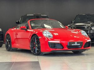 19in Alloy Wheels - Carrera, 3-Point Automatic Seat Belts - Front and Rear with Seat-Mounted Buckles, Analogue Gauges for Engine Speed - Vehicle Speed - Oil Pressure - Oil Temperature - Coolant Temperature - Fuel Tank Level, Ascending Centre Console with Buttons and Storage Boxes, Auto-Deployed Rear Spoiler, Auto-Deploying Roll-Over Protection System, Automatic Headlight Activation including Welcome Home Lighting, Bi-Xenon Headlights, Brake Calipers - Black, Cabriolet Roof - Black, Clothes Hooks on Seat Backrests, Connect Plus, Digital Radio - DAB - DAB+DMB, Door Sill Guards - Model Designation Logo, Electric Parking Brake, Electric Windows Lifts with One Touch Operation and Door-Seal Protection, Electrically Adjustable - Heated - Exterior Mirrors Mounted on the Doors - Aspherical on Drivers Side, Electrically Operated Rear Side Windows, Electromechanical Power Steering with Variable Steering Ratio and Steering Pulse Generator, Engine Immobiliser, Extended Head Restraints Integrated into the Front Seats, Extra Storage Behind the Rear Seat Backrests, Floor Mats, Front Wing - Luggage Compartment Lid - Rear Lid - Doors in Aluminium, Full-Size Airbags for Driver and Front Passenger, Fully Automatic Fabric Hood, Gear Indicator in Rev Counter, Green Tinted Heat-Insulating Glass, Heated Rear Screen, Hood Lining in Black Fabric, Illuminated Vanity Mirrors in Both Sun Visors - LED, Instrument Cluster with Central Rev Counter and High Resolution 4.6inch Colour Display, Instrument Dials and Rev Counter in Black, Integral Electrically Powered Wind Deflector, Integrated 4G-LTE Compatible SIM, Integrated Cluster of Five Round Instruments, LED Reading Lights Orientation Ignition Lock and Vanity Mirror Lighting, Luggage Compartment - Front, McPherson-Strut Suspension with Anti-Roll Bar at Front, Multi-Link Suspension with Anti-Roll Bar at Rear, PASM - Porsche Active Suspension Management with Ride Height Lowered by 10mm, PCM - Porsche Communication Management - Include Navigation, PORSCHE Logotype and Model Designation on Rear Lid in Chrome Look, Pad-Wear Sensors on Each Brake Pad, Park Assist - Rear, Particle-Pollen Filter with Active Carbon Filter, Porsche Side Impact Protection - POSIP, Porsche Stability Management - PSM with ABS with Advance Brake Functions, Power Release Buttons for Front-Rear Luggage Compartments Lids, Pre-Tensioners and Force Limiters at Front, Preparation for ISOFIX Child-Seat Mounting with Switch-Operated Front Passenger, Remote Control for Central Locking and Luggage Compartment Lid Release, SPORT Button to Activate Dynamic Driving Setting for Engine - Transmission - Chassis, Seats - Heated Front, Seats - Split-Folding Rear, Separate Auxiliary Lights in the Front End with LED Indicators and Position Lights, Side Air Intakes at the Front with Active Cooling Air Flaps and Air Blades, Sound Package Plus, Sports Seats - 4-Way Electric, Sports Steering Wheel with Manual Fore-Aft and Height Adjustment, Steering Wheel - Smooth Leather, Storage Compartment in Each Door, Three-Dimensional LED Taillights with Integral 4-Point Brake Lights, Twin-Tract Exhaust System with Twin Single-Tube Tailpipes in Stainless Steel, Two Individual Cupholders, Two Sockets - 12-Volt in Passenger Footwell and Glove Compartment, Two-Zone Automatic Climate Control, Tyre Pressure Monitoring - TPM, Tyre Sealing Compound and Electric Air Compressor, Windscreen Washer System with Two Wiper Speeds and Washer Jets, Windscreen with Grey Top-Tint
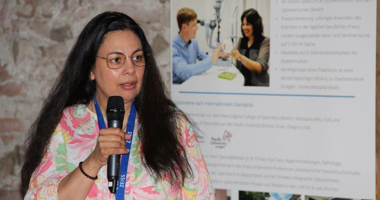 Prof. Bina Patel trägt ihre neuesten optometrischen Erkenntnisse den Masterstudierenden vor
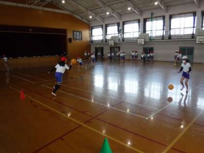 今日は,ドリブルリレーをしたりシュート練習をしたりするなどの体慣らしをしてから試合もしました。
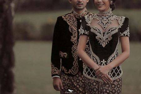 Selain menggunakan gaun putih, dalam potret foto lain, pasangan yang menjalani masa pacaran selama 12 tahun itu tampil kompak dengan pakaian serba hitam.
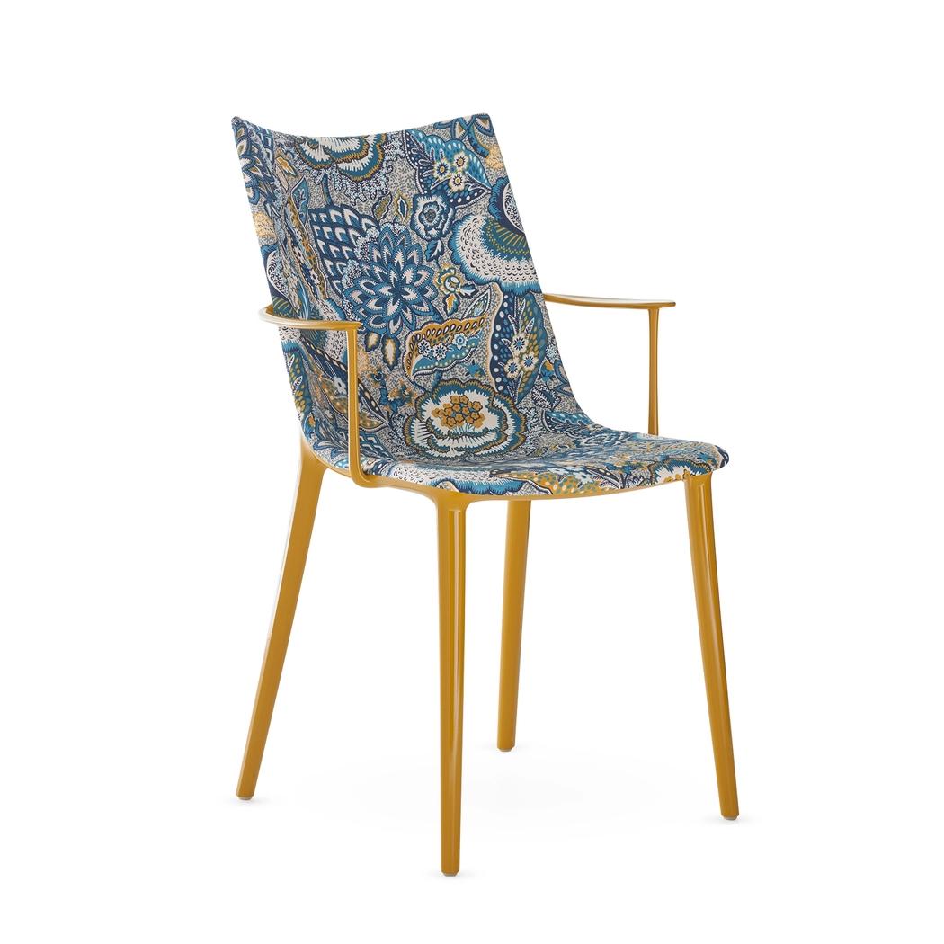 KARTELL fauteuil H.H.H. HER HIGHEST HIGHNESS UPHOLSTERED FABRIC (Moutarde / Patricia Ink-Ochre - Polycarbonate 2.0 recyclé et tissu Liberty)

...

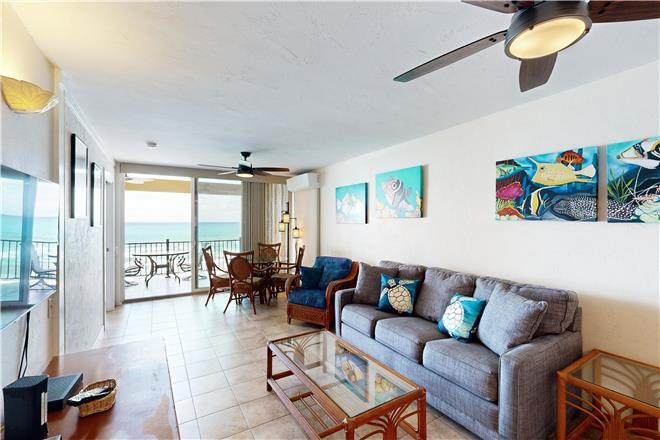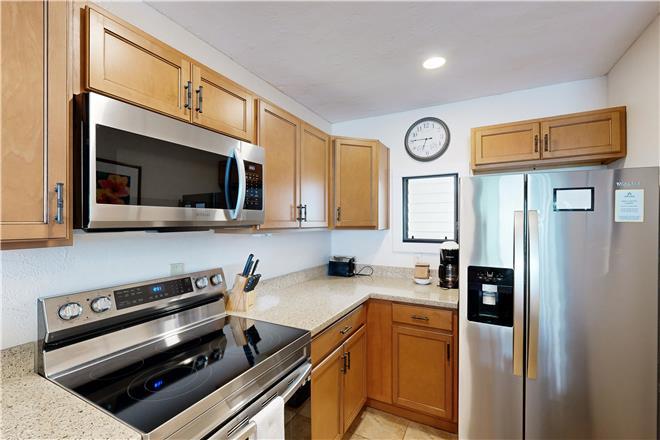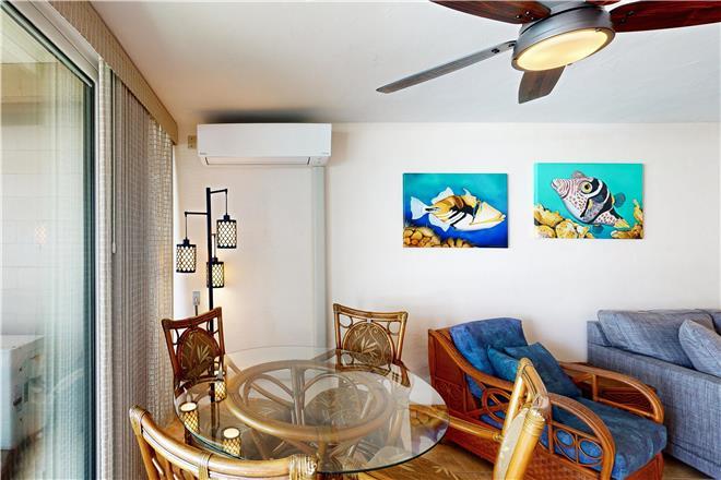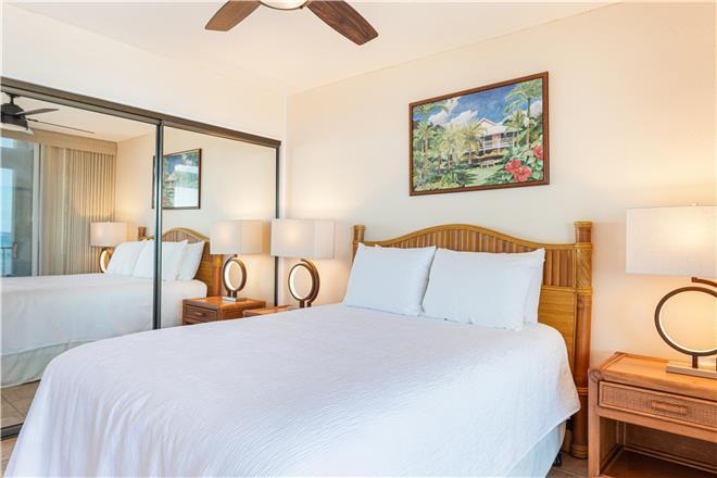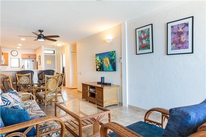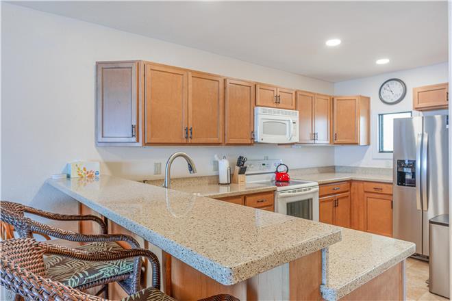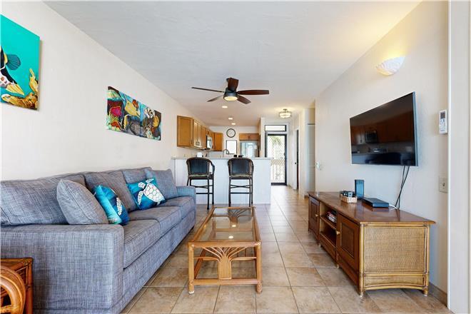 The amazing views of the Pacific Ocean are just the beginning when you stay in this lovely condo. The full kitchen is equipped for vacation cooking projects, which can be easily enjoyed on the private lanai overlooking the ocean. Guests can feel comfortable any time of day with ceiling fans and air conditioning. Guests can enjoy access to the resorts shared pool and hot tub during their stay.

--

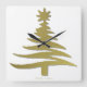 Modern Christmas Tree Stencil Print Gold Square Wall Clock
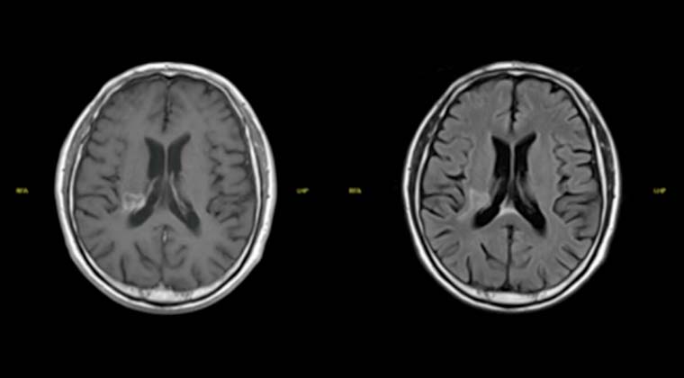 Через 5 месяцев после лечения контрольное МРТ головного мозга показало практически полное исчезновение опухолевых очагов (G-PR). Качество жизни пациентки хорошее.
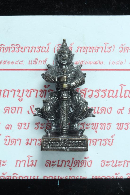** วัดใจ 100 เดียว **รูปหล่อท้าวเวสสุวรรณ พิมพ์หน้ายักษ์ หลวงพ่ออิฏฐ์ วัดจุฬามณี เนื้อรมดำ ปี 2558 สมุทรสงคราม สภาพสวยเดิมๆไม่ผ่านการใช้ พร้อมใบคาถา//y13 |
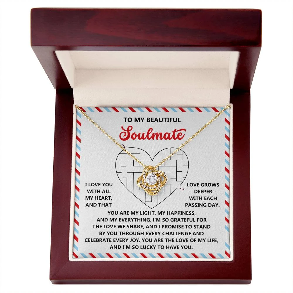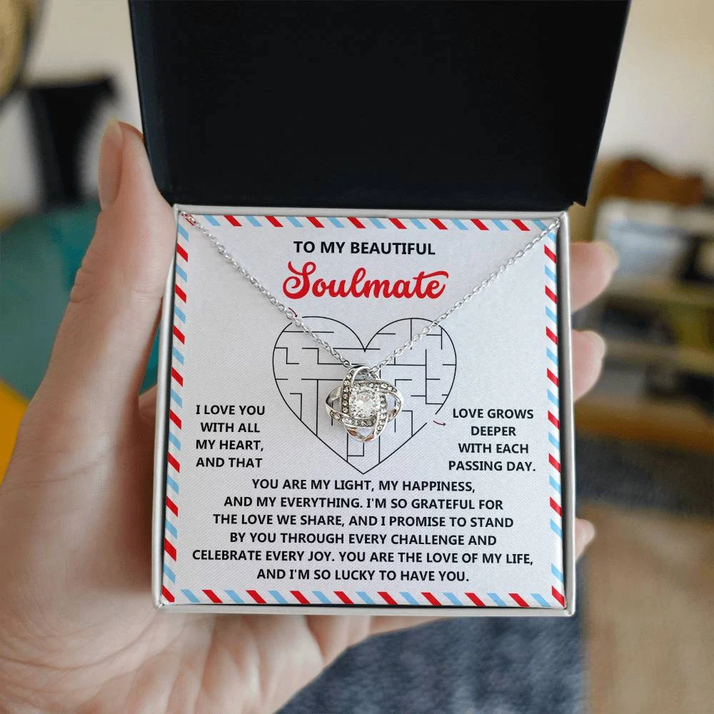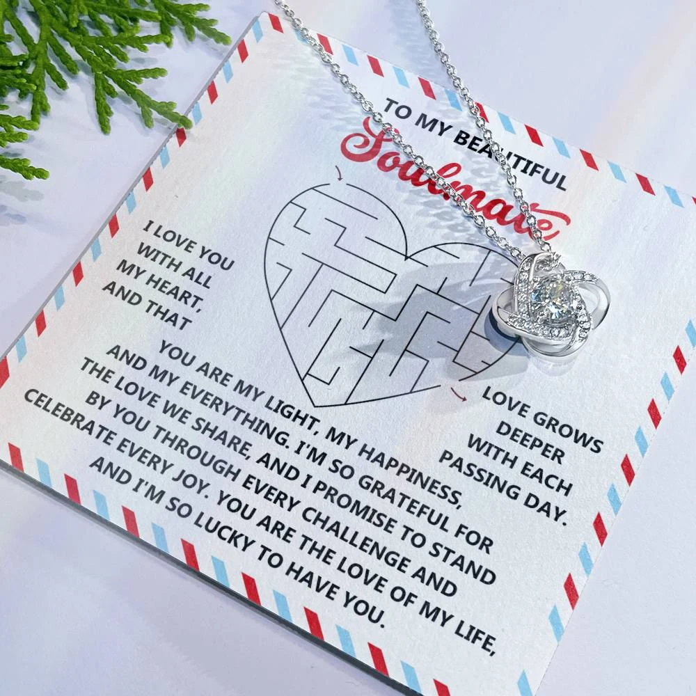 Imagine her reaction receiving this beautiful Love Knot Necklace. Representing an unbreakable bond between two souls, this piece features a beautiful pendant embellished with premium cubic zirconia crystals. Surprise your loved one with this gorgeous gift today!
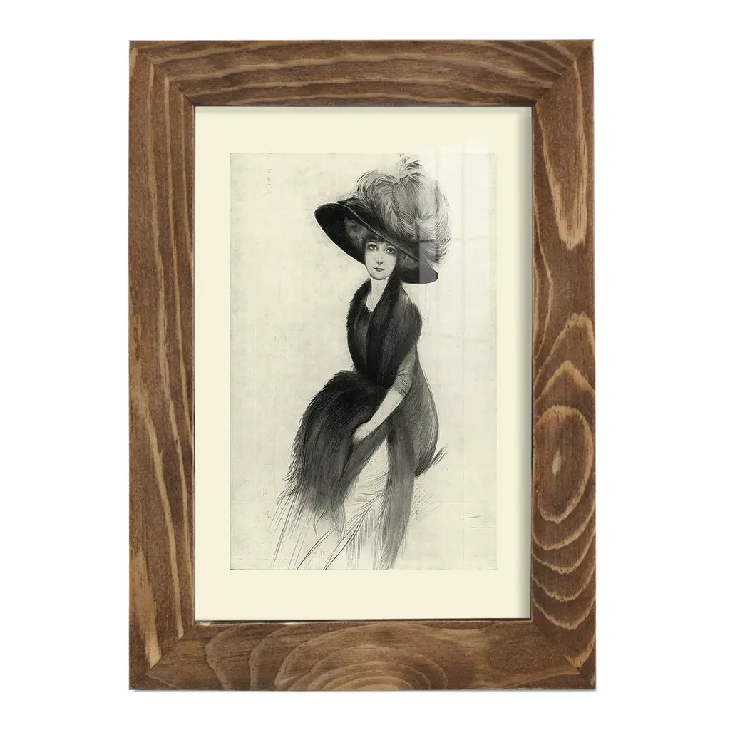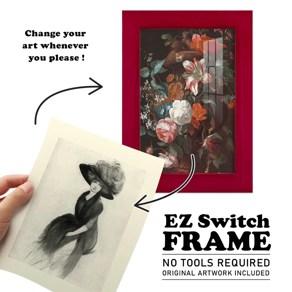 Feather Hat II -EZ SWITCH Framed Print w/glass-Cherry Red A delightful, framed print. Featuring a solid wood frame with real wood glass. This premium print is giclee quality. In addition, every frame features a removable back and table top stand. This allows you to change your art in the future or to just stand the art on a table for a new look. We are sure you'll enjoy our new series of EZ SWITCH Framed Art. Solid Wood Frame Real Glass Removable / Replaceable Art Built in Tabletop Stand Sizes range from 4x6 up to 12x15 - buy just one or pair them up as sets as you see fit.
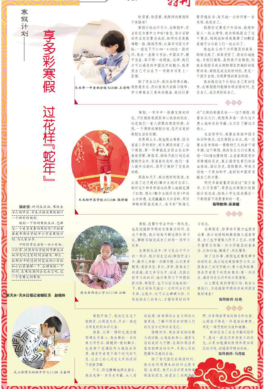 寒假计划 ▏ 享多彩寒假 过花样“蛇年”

▶ **THE TASK**: Word for word, restate the lines above from the one with "Prof. Bina Patel" through the one with "Selain menggunakan gaun", keeping both ends and dropping the pictures.

▶ **ANSWER BOX**:
 Prof. Bina Patel trägt ihre neuesten optometrischen Erkenntnisse den Masterstudierenden vor
 今日は,ドリブルリレーをしたりシュート練習をしたりするなどの体慣らしをしてから試合もしました。
 Selain menggunakan gaun putih, dalam potret foto lain, pasangan yang menjalani masa pacaran selama 12 tahun itu tampil kompak dengan pakaian serba hitam.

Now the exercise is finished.